What is the most common cause of secondary osteoporosis?
What is the most common cause of secondary osteoporosis?
The most common causes of secondary osteoporosis include: Endocrinopathies (hyperthyroidism, hypogonadism, hypopituitarism, primary hyperparathyroidism, diabetes mellitus, eating disorders, growth hormone deficiency and acromegaly)
Do Mineralocorticoids cause osteoporosis?
Causes and Risk Factors Corticosteroids tend to both reduce the body’s ability to absorb calcium and increase how fast bone is broken down. The more of these drugs you take and the longer you take them, the greater your risk of developing osteoporosis.
Does prednisone affect hyperparathyroidism?
Steroids work directly on target tissues in bone to increase resorption and decrease formation. Their effects on calcium result in an indirect increase in destruction by triggering the parathyroid glands to increase the secretion of parathyroid hormone (PTH). This condition is known as secondary hyperparathyroidism.
How do you treat corticosteroid induced osteoporosis?
The first-line drugs for treatment of glucocorticoid-induced osteoporosis include bisphosphonates: alendronate and risedronate, while zoledronate or teriparatide should be considered as the second option.
Can secondary osteoporosis be reversed?
Much like primary osteoporosis, there is no cure for secondary osteoporosis.
What medications are commonly associated with secondary osteoporosis?
The medications most commonly associated with osteoporosis include phenytoin, phenobarbital, carbamazepine, and primidone. These antiepileptic drugs (AEDs) are all potent inducers of CYP-450 isoenzymes.
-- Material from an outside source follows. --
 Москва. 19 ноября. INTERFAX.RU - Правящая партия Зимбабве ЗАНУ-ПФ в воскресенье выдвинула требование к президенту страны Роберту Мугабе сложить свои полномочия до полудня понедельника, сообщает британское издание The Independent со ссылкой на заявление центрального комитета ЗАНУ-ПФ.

Can you fix low bone density?
If you have low bone mass, there are things you can do to help slow down bone loss. These include eating foods rich in calcium and vitamin D and doing weight-bearing exercise such as walking, tennis, or dancing. In some cases, your doctor may prescribe medicines to prevent osteoporosis.
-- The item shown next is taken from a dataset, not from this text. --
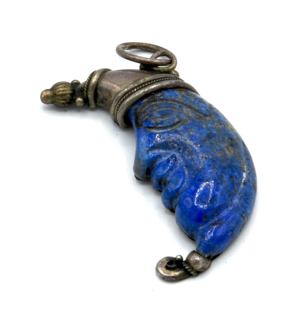 Lotto 288 | CIONDOLO IN LAPISLAZZULO E ARGENTO MODELLATO A LUNA lunghezza cm 4
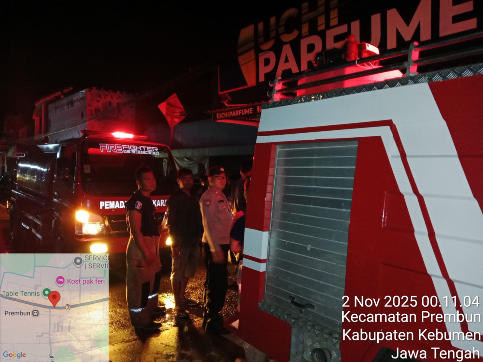 KEBUMEN, Kebumen24.com – Kepolisian Resor (Polres) Kebumen bergerak cepat menangani kebakaran yang melanda toko parfum “Uchi Parfume” di kawasan pertokoan Jalan Slamet Riyadi, Desa Prembun, Kecamatan Prembun, Kabupaten Kebumen, Sabtu malam (1/11/2025).

Does prednisone lower your calcium levels?
Serum calcium decreased during prednisone (p<0.05), but when prednisone was given together with calcium, an increase of serum calcium was found (p< 0.05). It is concluded that 10 mg prednisone/day decreases bone formation, as shown by its effect on osteocalcin, while no influence is seen on bone resorption.
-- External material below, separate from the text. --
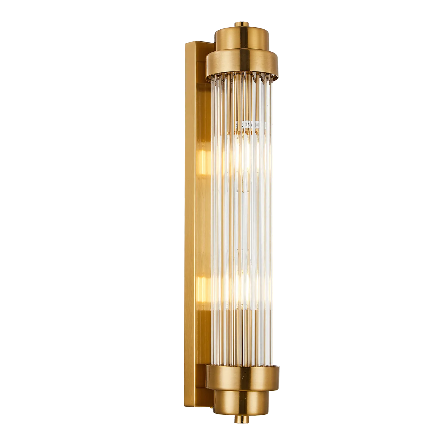 Enhance your indoor space with the VARILLAS Interior Up/Down Clear Glass Rod Wall Lights. Crafted with a blend of iron and elegant clear glass, this piece exudes sophistication in its Antique Brass finish. Featuring 18 exquisite glass rods measuring Ø7xH300mm, this wall light requires 2xE14 bulbs (Max.10W each) to illuminate your surroundings beautifully. With a sturdy build and a 1-year replacement warranty, this fixture adds a touch of class while providing reliable lighting. Experience a harmonious blend of style and functionality with the VARILLAS Wall Lights.Specifications

Can prednisone cause high calcium levels?
Prednisolone induces an increase in serum calcium concentration: possible involvement of the kidney, the bone, and the intestine. Calcif Tissue Int.
Can steroid-induced osteoporosis be reversed?
The accompanying biochemical changes, particularly the marked increase in serum osteocalcin levels, confirm that enhanced bone formation occurred during the recovery phase. These findings suggest that steroid-induced osteoporosis can be reversed at least in young persons.